即便如今她已经长成亭亭玉立的大姑娘,还是习惯把她放在「被保护者」的
框里,单纯地当成需要被细心照顾的孩子。
关掉水龙头,伸手抓过浴巾围在腰上。
水汽还在浴室里弥漫,玻璃门外忽然传来轻轻的脚步声。
「爸爸,你洗好了吗?」
洛晚的声音隔着雾气传进来,比平常低了些,带着一点沙哑。
「我看你西装上有点脏污,想拿进来帮你把脏衣服收去洗……可以进去吗?
」
看着毛玻璃后那道若隐若现的纤细身影,肩背肌肉不由自主地绷紧起来。
这孩子以前从来不会在这种时候敲门,今天怎么感觉有点反常?
「……」
低头看了看腰间浴巾,肌肉线条在浴室灯光下显得格外分明。
虽然向来粗枝大叶,但也明白女儿长大了,基本的男女之防是得好好注意。
「不用了,晚晚。」
「衣服我等一下自己拿出去丢洗衣机就好。」
门外的身影停顿了片刻。
「可是……爸爸的衣服沾了那个味道,人家想快点洗掉嘛。」她的声音听起
来有点委屈,尾音拖长,带着熟悉的撒娇鼻音,「人家只是想帮爸爸分担一点家
务,爸爸是不是觉得我笨手笨脚的?」
无奈地笑了笑。
这丫头,从小到大只要想达成目的,这副可怜兮兮的语气就是她的必杀技。
真没办法,只得隔着门安抚应道:「胡说什么,妳现在是名校大学生了──
听话去客厅坐着,我马上就出来。」
门外静了几秒,随后脚步声才慢慢远去。
松了口气,随手从架上扯下浴袍披上。
对我来说洛晚永远是那个在旧公寓门口等我回家的小女孩。
即便拥抱时那份沉甸触感已经清晰得让人无法忽视,也只当她是发育得特别
好,从没往别的方向想过,是这双沾满商场铜臭的手里唯一干净纯粹的存在。
推开浴室门,换上宽松的深灰居家服走进客厅。
洛晚正乖乖坐在沙发上,双腿并拢侧向一边,手里捧着教科书认真翻看。
「爸爸。」她抬起头露出灿烂的笑容,指着桌上的水杯说道,「我帮你倒了
杯温水,你刚洗完澡要补充水分。」
「谢谢晚晚。」接过杯子仰头便一饮而尽。
当我喝水时洛晚没有移开视线,那双黑亮大眼就这么恬静地看来,白皙手指
在膝盖上的书本边缘轻轻摩挲。
喝完最后一口,把空杯递还给她。
那刻隐约觉得水里好像带着一丝极淡的苦味,但很快就被口腔里的干渴感盖
过,完全没作任何多想。
「好了早点睡吧,明天还得上课,可别迟到了。
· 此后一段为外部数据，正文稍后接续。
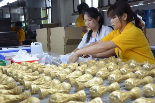 图:广东省政府根据国台办惠台政策制订落实措施,获得台商积极肯定。图为广东台资企业工人检测产品 资料图片

」伸手揉了揉她的头,转身
走向卧室。
而洛晚便是握着那个空玻璃杯,指尖在杯沿上缓缓摩挲,目光落在刚被养父
嘴唇碰过的杯口,默默无语,若有所思。
......
「嗯……嗯……」
当晚,感觉自己睡得异常沉重,像整个人坠进无底深渊,被莫名的燥热感紧
紧裹住,浑身动弹不得。
梦里的自己再度回到了那辆名牌轿车的副驾驶座。
没开空调,车厢内部狭窄而闷热,空气里全是湿黏的气息。
王艳就这么放肆地跨坐身上,那身包臀窄裙早已被粗暴地推到腰际,露出被
黑丝包裹的丰满大腿。
见她俯下身,丰硕大乳几乎就要从衬衫里满溢出来,随着每次剧烈起伏撞上
胸膛,任由双手掐住纤细腰肢,指腹陷入软肉,指节更因过于用力而显得泛白。
车身随着我们的交媾动作轻微摇晃,不住发出黏腻的吱嘎声。
「牛总……」
她低头吻我,舌尖带着酒气与香水味,激烈地搅弄,发出湿热的啾啾水声。
而我则使劲挺腰向上顶撞,力道一次比一次重,撞得她喉间溢出压抑不住的
娇媚呻吟。
然而从这里开始,梦境就开始变得怪异起来。
感觉王艳的丰润曲线逐步收紧,腰肢变得更为纤细,皮肤滑腻得像上好的瓷
器,那股浓烈外国香水味竟是逐渐淡去,取而代之被熟悉的沐浴奶香覆盖占有,
就像是洛晚洗完澡后的那种味道。
洛晚!?
心头一震,猛地想看清身上女人的脸,伸手拨开覆在胸膛上的长发。
可当那头如墨的黑发被彻底拨开,那副五官轮廓却非王艳,而是洛晚!?
怎么会是……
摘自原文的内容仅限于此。